Task objective> Except for the pictures, write out all the records that follow exactly.

Data excerpts>
● ● ● ● ● ● ●

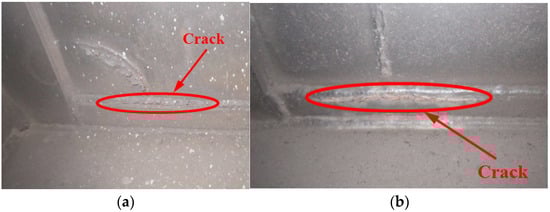 (a) The crack on cross bearer weld of 70t gondola car body; (b) The crack on cross bearer weld of 80t gondola car body.
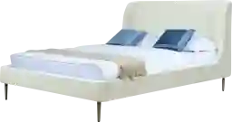The Galerita cream queen bed anchors your bedroom in glam, mid-century-inspired style. It's built with an engineered wood frame and features understated side rails and footboard for a clean-lined silhouette. The headboard has a curving wingback design and is wrapped in velvet for a luxe look. Plus, it's filled with foam for some extra cushion behind your head. Tapered gold-finished legs support the bed with a retro aesthetic. This bed arrives with slats and a center support leg, so you don't have to use a box spring with your choice of mattress. Customer assembly is required.
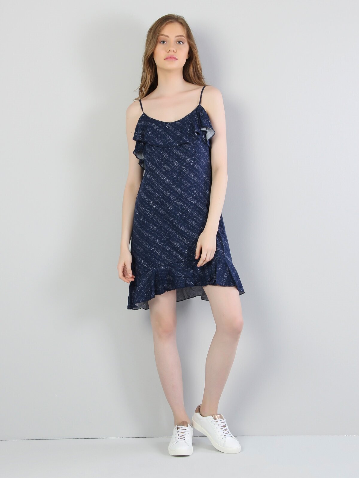 Платье в горошек с оборками и поясом
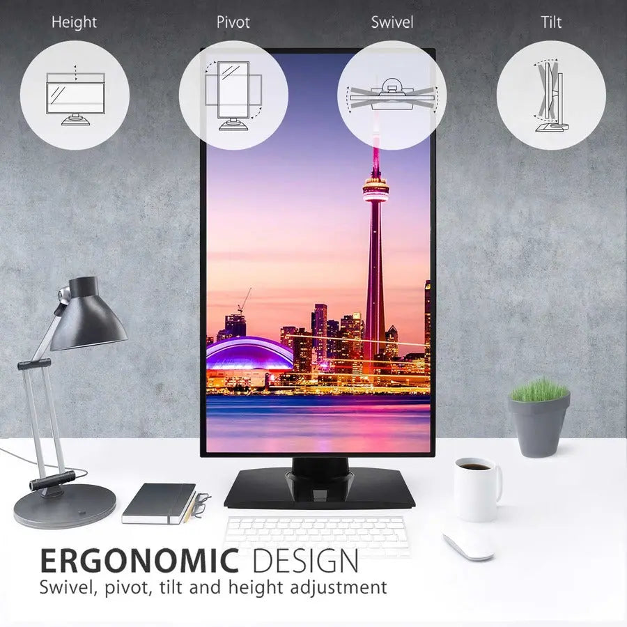 - ERGONOMIC STAND: Advanced ergonomics (tilt, swivel, pivot and height) for all-day comfort
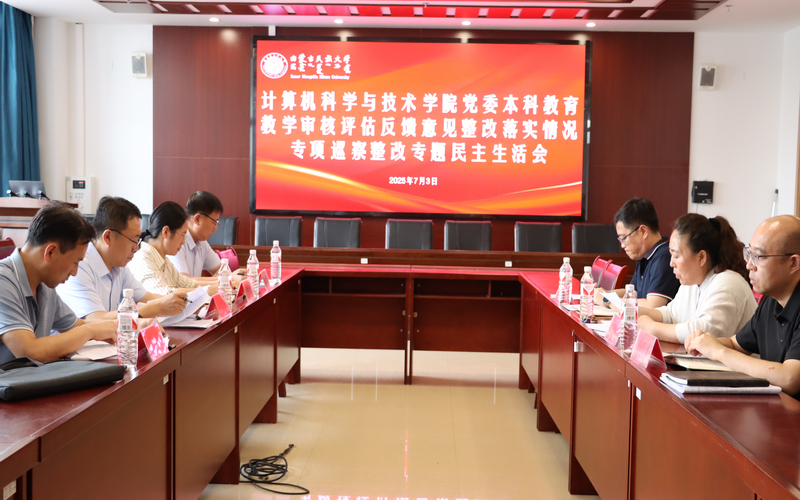 7月3日,计算机科学与技术学院党委在西拉木伦校区知行楼A703会议室召开本科教育教学审核评估反馈意见整改落实情况专项巡察整改专题民主生活会。校党委副书记、校长孟祥宏到会指导。学院领导班子、党支部书记、科级干部、系主任、教研室主任、实验室主任参加会议。学院党委书记斯琴高娃主持会议。
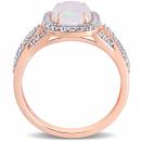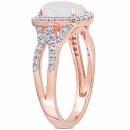 This stunning halo split shank cocktail ring is crafted in radiant 10-karat rose gold. This gorgeous ring features a single oval cabochon-cut, opal center stone surrounded by a halo of round-cut brilliant diamonds and additional diamonds along the split shank band which completes the stylish look of this ring. Wear this bold gemstone and diamond ring on your special evening out and look breathtakingly beautiful. A perfect addition to any jewelry collection.
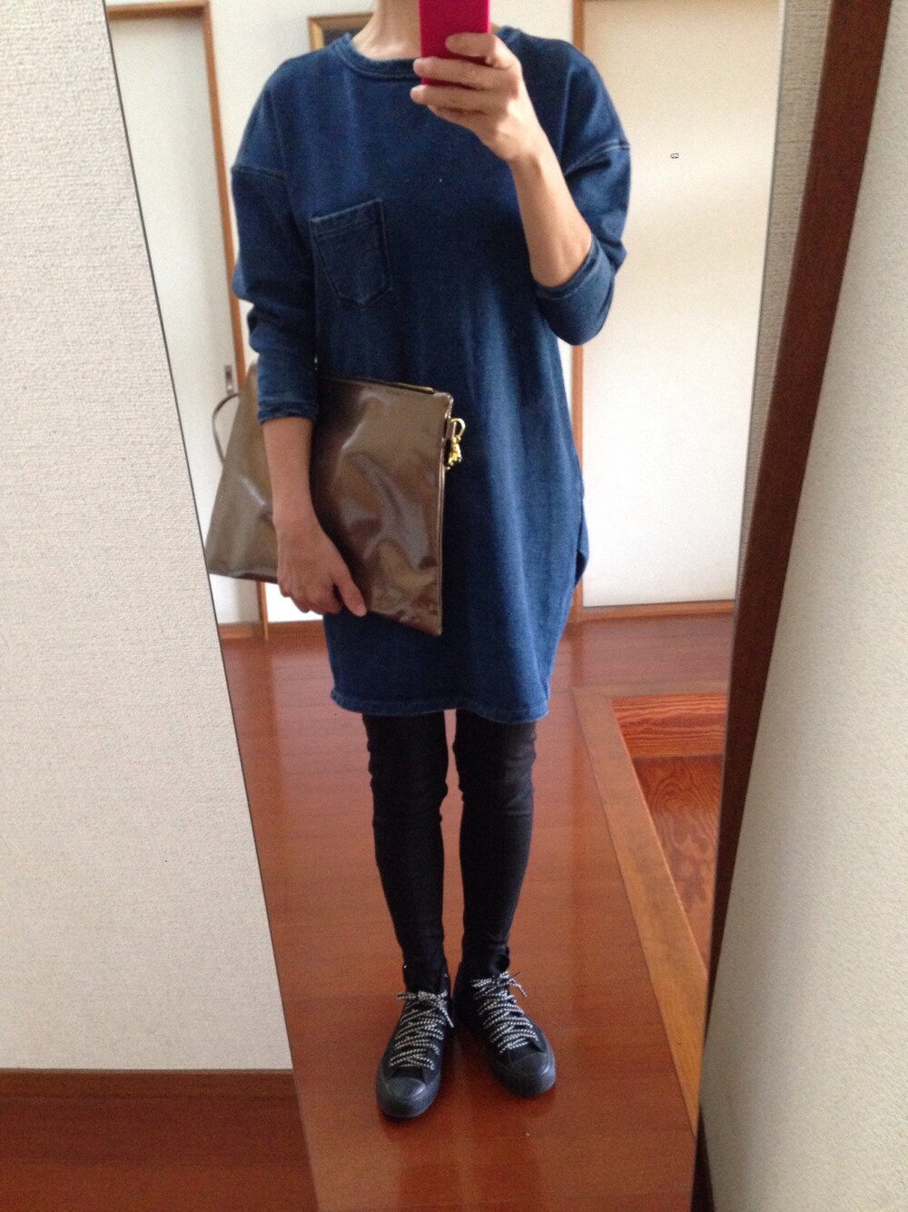 休日限定楽ちんコーデ(^^) 秋ですね〜。 金木犀の良い香りが、部屋の中にまで入ってきています。 今日は暖かいので、このワンピ一枚でOKですが、寒くなったらレイヤードも楽しめそう♪
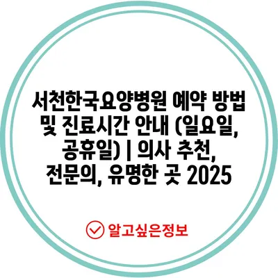 서천한국요양병원 예약 방법 및 진료시간 안내 (일요일, 공휴일) | 의사 추천, 전문의, 유명한 곳 2025
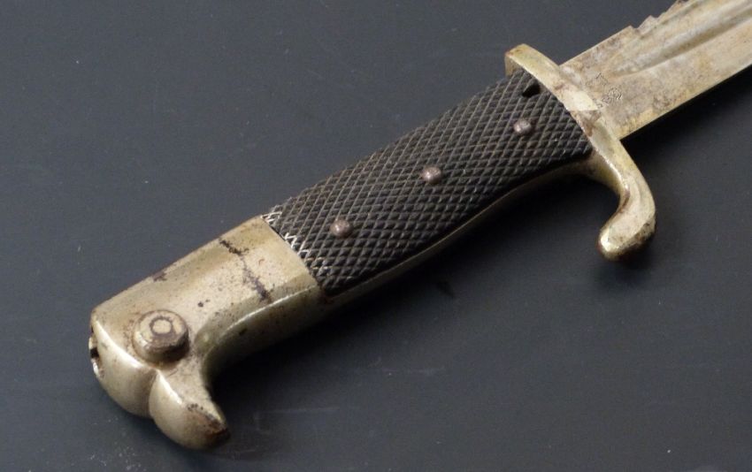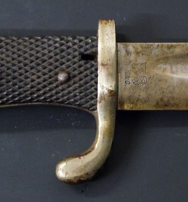 German KS98 pattern sawback bayonet with WK&G maker's mark to ricasso, 25cm sawback fullered blade, scabbard and frog
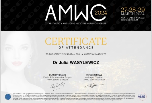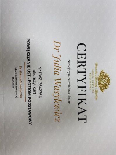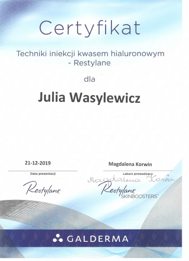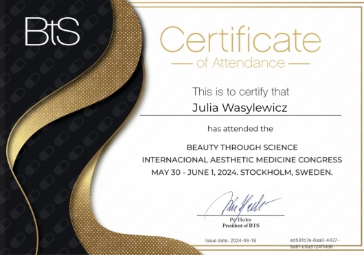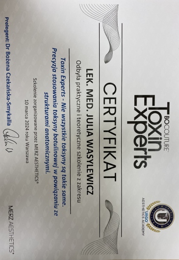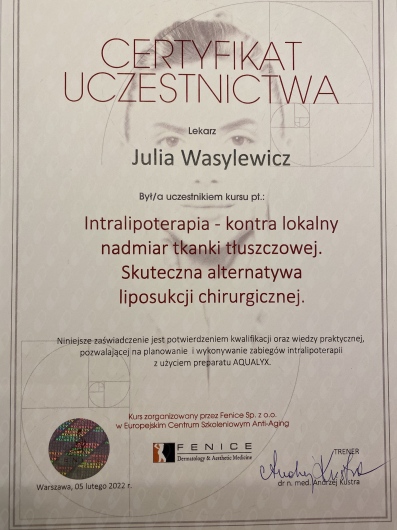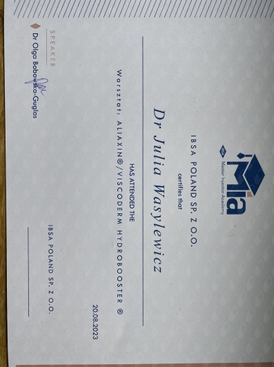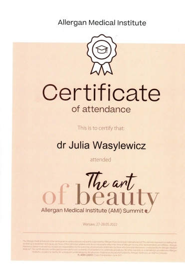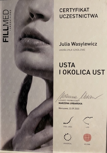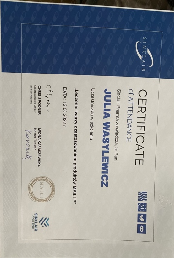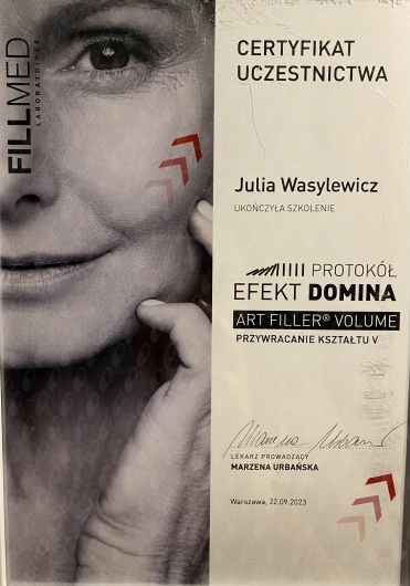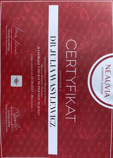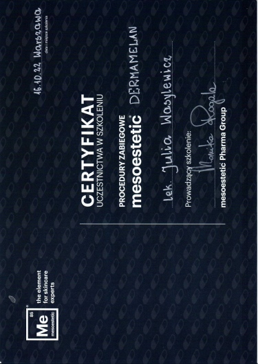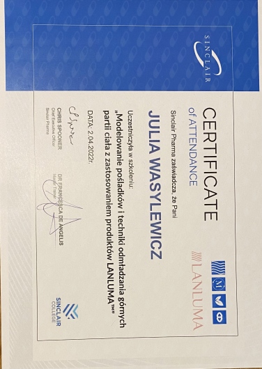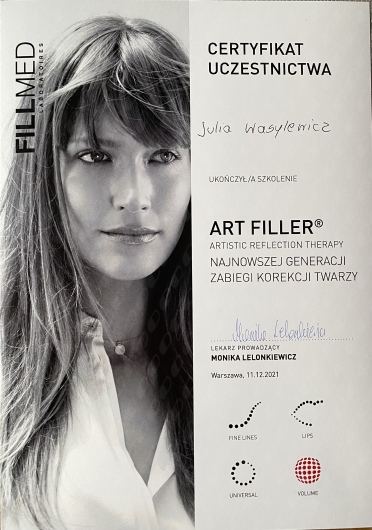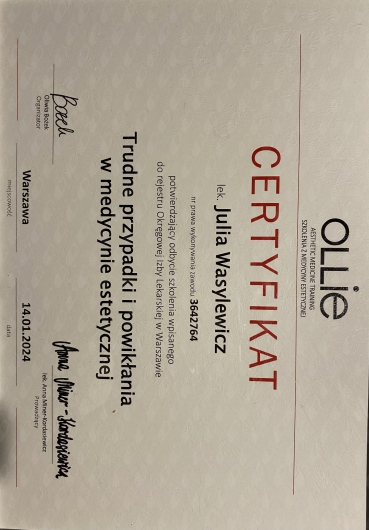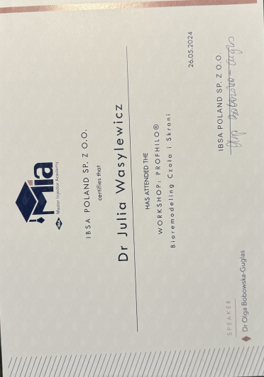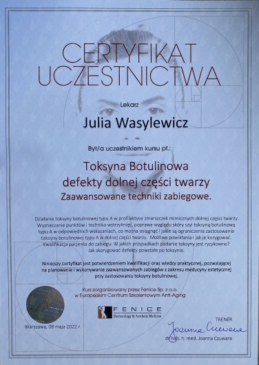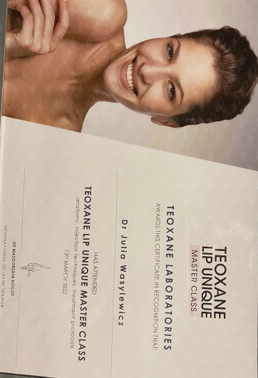 Ukończyłam Międzynarodowe Centrum Kształcenia Medycyny Anti-Aging. Jako jedna z 100 pierwszych polskich lekarzy uzyskałam certyfikat umiejętności lekarskiej - Medycyna Estetyczno-Naprawcza, co jest uhonorowaniem doświadczenia i wiedzy w Medycynie Estetycznej.

● ● ● ● ● ● ●

Answer space>
 (a) The crack on cross bearer weld of 70t gondola car body; (b) The crack on cross bearer weld of 80t gondola car body.
The Galerita cream queen bed anchors your bedroom in glam, mid-century-inspired style. It's built with an engineered wood frame and features understated side rails and footboard for a clean-lined silhouette. The headboard has a curving wingback design and is wrapped in velvet for a luxe look. Plus, it's filled with foam for some extra cushion behind your head. Tapered gold-finished legs support the bed with a retro aesthetic. This bed arrives with slats and a center support leg, so you don't have to use a box spring with your choice of mattress. Customer assembly is required.
 Платье в горошек с оборками и поясом
 - ERGONOMIC STAND: Advanced ergonomics (tilt, swivel, pivot and height) for all-day comfort
 7月3日,计算机科学与技术学院党委在西拉木伦校区知行楼A703会议室召开本科教育教学审核评估反馈意见整改落实情况专项巡察整改专题民主生活会。校党委副书记、校长孟祥宏到会指导。学院领导班子、党支部书记、科级干部、系主任、教研室主任、实验室主任参加会议。学院党委书记斯琴高娃主持会议。
 This stunning halo split shank cocktail ring is crafted in radiant 10-karat rose gold. This gorgeous ring features a single oval cabochon-cut, opal center stone surrounded by a halo of round-cut brilliant diamonds and additional diamonds along the split shank band which completes the stylish look of this ring. Wear this bold gemstone and diamond ring on your special evening out and look breathtakingly beautiful. A perfect addition to any jewelry collection.
 休日限定楽ちんコーデ(^^) 秋ですね〜。 金木犀の良い香りが、部屋の中にまで入ってきています。 今日は暖かいので、このワンピ一枚でOKですが、寒くなったらレイヤードも楽しめそう♪
 서천한국요양병원 예약 방법 및 진료시간 안내 (일요일, 공휴일) | 의사 추천, 전문의, 유명한 곳 2025
 German KS98 pattern sawback bayonet with WK&G maker's mark to ricasso, 25cm sawback fullered blade, scabbard and frog
 Ukończyłam Międzynarodowe Centrum Kształcenia Medycyny Anti-Aging. Jako jedna z 100 pierwszych polskich lekarzy uzyskałam certyfikat umiejętności lekarskiej - Medycyna Estetyczno-Naprawcza, co jest uhonorowaniem doświadczenia i wiedzy w Medycynie Estetycznej.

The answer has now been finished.